The Lord tells them to

suck fully of the milk of [Jerusalem’s] comfort, that you may nurse with delight at her abundant breasts! … As nurslings, you shall be carried in her arms, and fondled in her lap; as a mother comforts her child, so will I comfort you. (Is 66:11 ff)

These are Godly, mothering images, immediate, compelling. It is the peace given by God’s motherhood. It is the grace which our lives, our wild and wooly lives, try to emerge out of and journey back to! 


Surely a reality must have given Jesus courage on the cross.

As a baby, he had been comforted at the breast of his mother Mary, but also of the Holy Spirit herself. Notice that on the cross he would ask that most terrible question, “Why have you forsaken me?” His hope-against-hope, his memory of love against hate, these must have given him bravery, even while enmeshed in sin and danger and death.

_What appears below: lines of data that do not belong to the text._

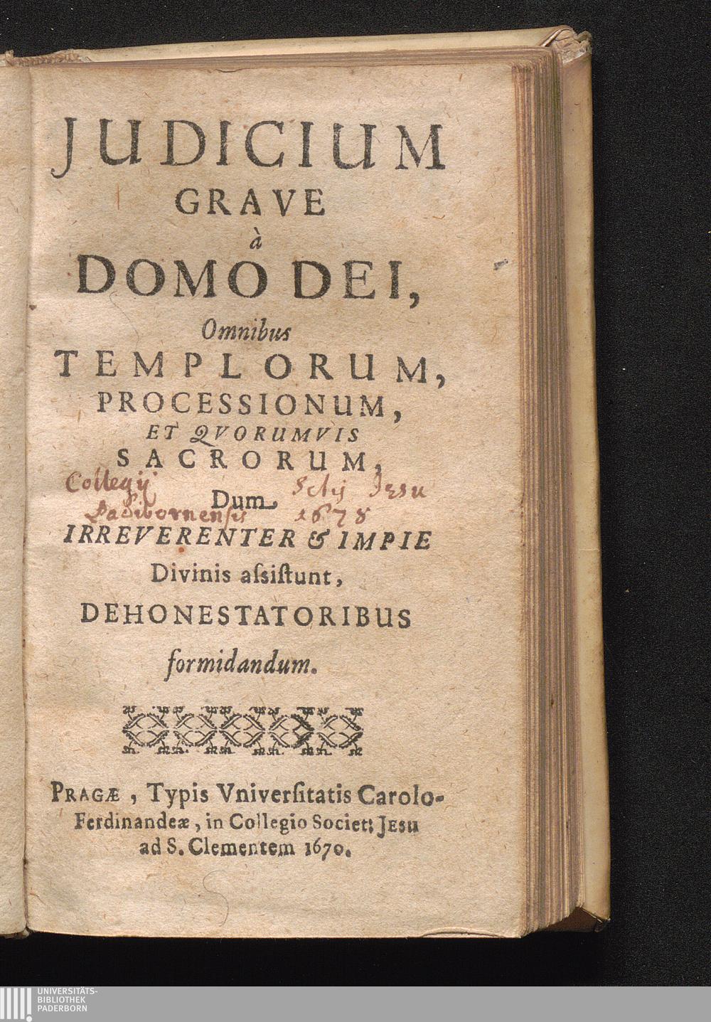 Judicium Grave à Domo Dei, Omnibus Templorum, Processionum, Et Qvorumvis Sacrorum,[...]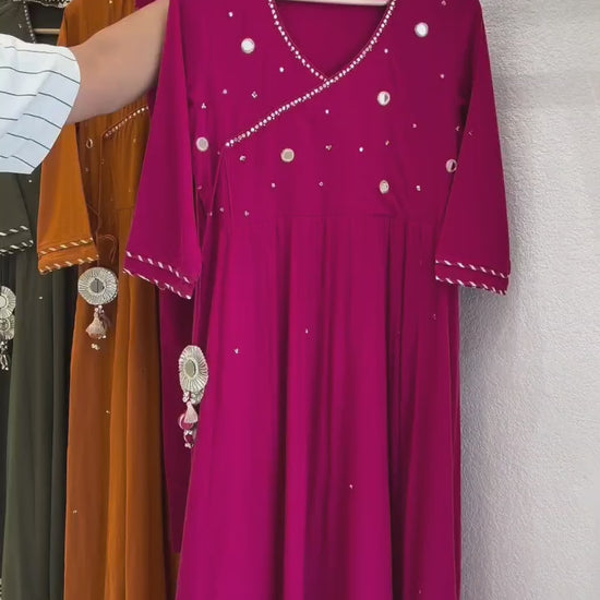 Megenta bright pink Angrakha pattern three piece set (A1119)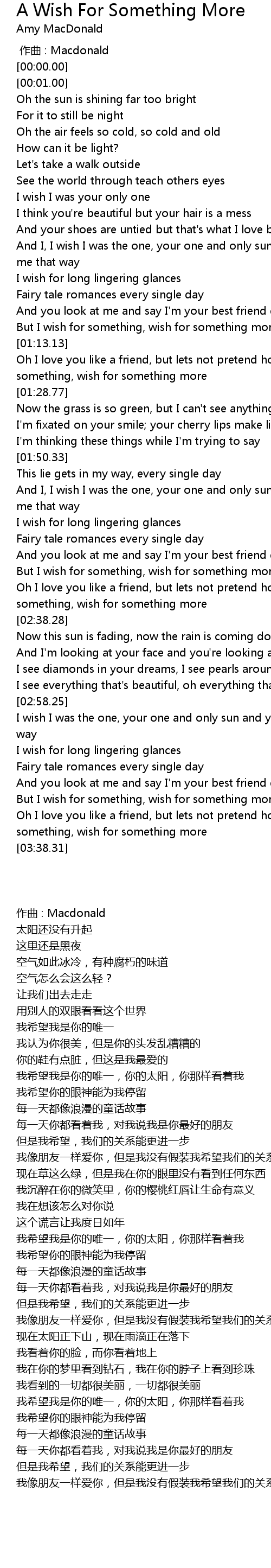 | [03:26.56] | Oh I love you like a friend, but lets not pretend how I wish for something, wish for something more |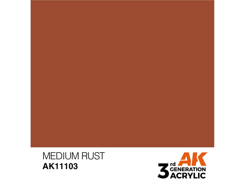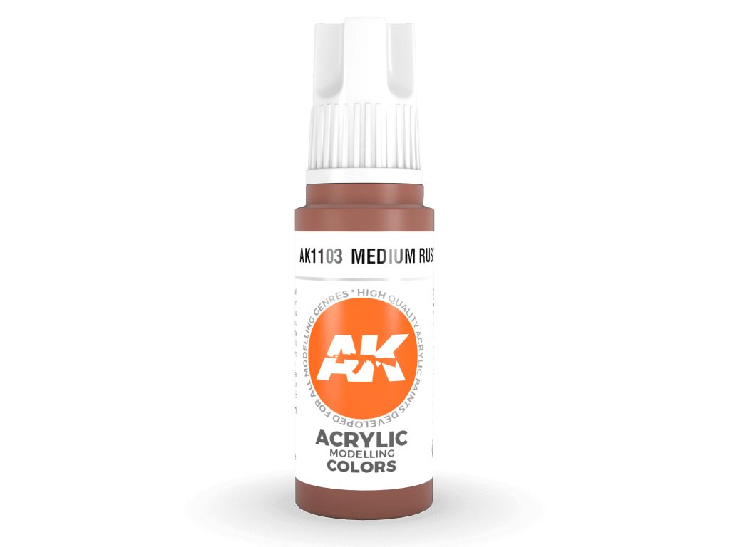 Akrylová barva Medium Rust od výrobce AK Interactive je vhodná pro nanášení štetcem i airbrushem. Akrylové modelářské barvy 3. generace (3Gen) jsou doposud nejpropracovanější recepturou akrylových barev. Barvy General Series mají vynikající krytí, úžasnou přilnavost a nové složení zabraňuje ucpávání trysky bez nutnosti barvy zdlouhavě rozmíchávat.Doplňkové parametry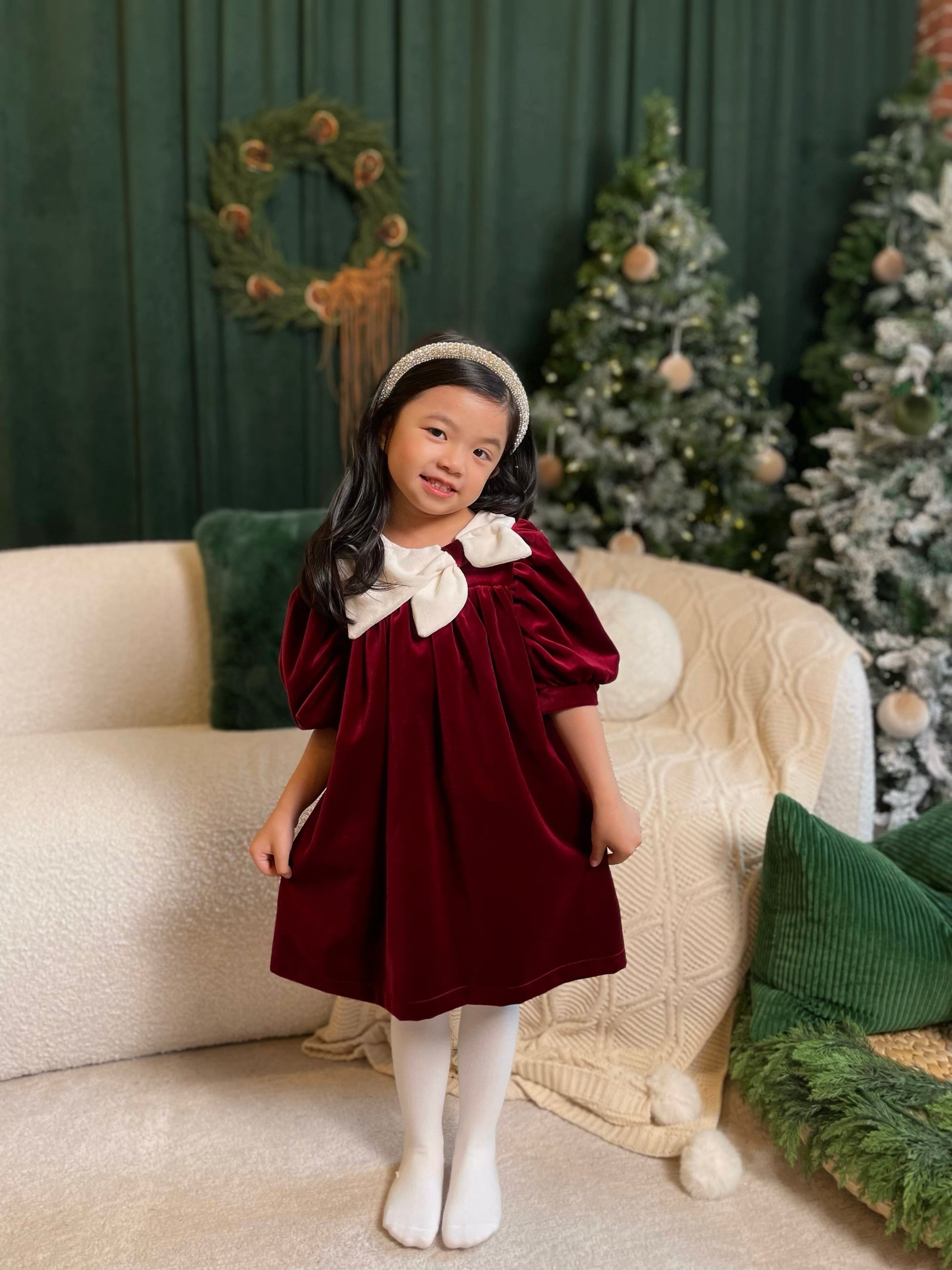 A classic holiday keepsake, designed to be as luxurious as it is nostalgic.... The Rosemoor Dress is crafted from 100% cotton velvet in a rich winterberry red hue, soft weighty and beautifully plush. It’s oversized ivory bow and gently puffed sleeves bring a touch of vintage charm, while the fully lined design ensures comfort for little ones through every festive gathering. At the back, three covered velvet buttons add a delicate finishing touch, completing the design with quiet elegance. The Rosemoor dress is carefully made to last, intended to be treasured, worn, and lovingly passed down. Complete the look with the matching Rosemoor Headband, crafted entirely from the same cotton velvet, the perfect keepsake accessory for the season. Care Instructions: The Rosemoor Dress is crafted from 100% cotton velvet, a rare, natural fiber known for its beautiful texture and timeless drape. To preserve its heirloom quality, please handle with care: Do not machine wash or tumble dry. Spot clean only using a soft, damp cloth and mild detergent when necessary. For a full refresh, professional dry cleaning is recommended. Store on a padded hanger or folded gently in tissue to prevent crushing the velvet pile. Avoid prolonged exposure to direct sunlight to maintain the rich color. With proper care, your Rosemoor Dress will remain a cherished keepsake for years to come.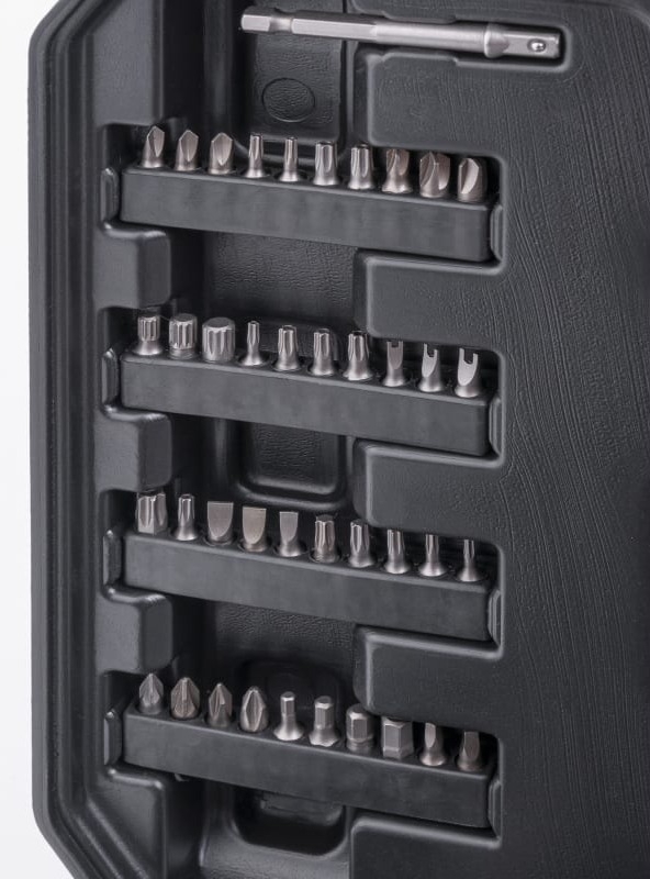 Набор инструмента профессиональный AV-011097 разработан для эксплуатации с крепежом нестандартных типов. Это позволяет эффективно работать в мастерских и с современными автомобилями. Комплект поставляется в кейсе. Дополнительно биты разложены по холдерам согласно типу и размеру. Это упрощает поиск и подбор подходящей оснастки.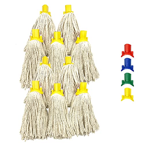 Mop Heads Replacement, Colour Coded Self Threading Socket Cotton Mop Head No.12 PY (Yellow, Pack of 10)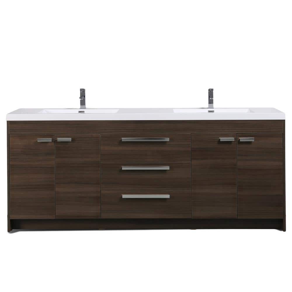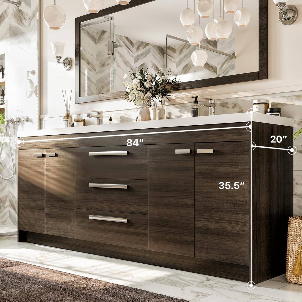 The Eviva Lugano 84-inch Double Bath Vanity in Gray Oak combines modern aesthetics with practical functionality, perfect for contemporary bathrooms. Featuring a sleek white acrylic top and integrated sinks, this vanity offers a pristine, low-maintenance finish. Soft closing drawers and doors enhance its ease of use, making it ideal for both professional contractors and home DIYers.

This fullness shown forth in Jesus is what we also will remember, one in which we are loved, which sends us into the world even when we cannot recall the fond love that God had for our wriggling, snotty, childish selves. We can still call to mind what we knew of it in the past, and look for it in our adulthood at this very moment.

You know, real love, once truly given and accepted, cannot be erased. The comfort that fondled us as babies still nestles near the very center of our selves.
We need to recall it. 


If we have to search for it, as Jesus seemed to, then we must wait and hope and pray, and not give up. Jesus did not give up, on the cross or on the road to it.